- Input data
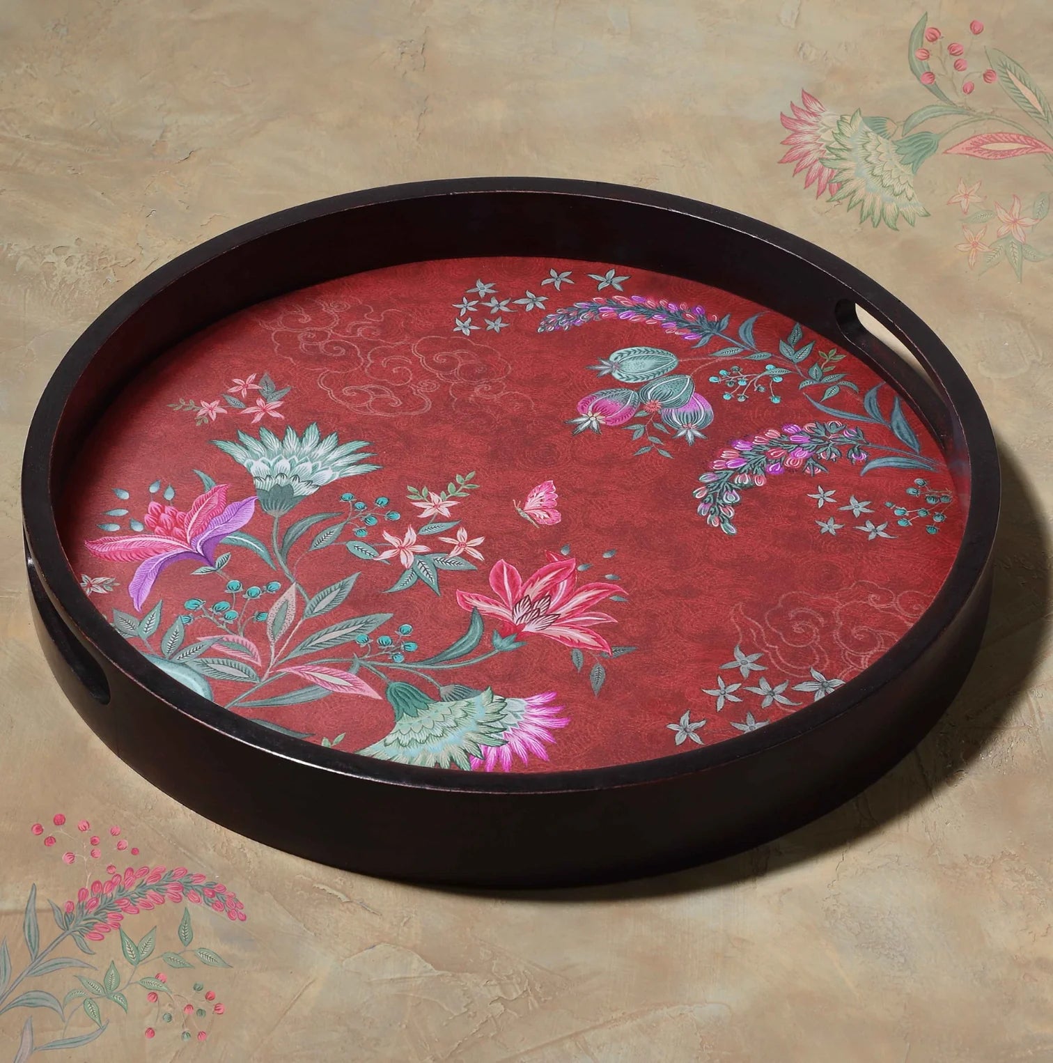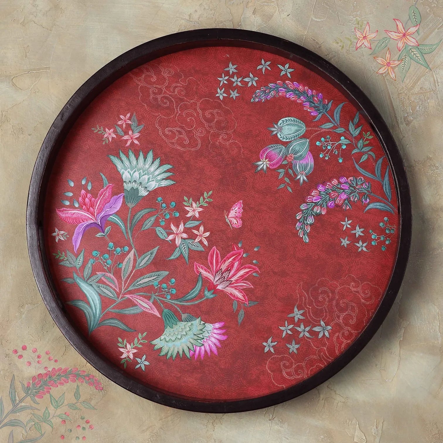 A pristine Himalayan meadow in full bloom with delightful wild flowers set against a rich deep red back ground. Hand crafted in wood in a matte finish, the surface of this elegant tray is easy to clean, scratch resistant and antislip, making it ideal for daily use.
* * *
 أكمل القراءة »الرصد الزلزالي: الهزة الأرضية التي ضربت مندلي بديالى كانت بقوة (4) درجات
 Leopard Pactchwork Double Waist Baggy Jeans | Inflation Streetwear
* * *
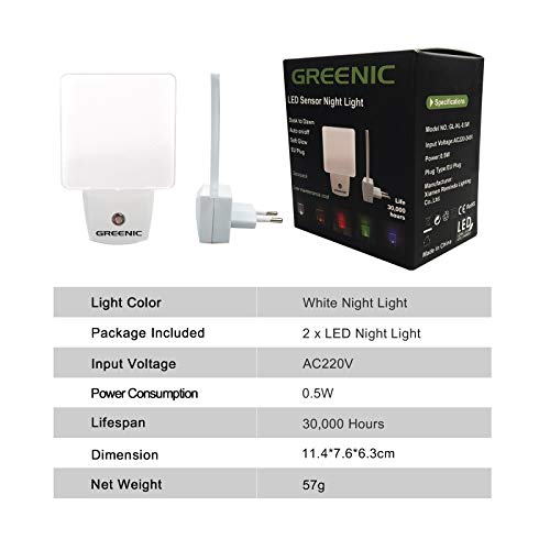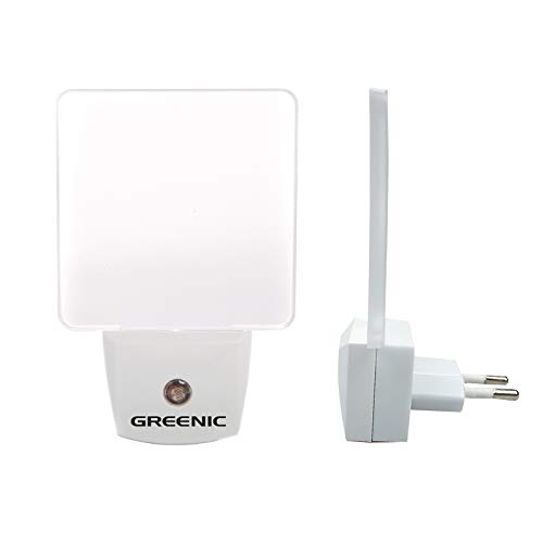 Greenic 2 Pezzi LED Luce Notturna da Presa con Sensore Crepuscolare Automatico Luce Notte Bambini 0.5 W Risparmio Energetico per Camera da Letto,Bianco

- Problem to solve
Taking the entries above, print exactly the lines starting at the line with "بقوة (4) درجات" and ending at the line with "Leopard Pactchwork Double", both included.

- Result
 أكمل القراءة »الرصد الزلزالي: الهزة الأرضية التي ضربت مندلي بديالى كانت بقوة (4) درجات
 Leopard Pactchwork Double Waist Baggy Jeans | Inflation Streetwear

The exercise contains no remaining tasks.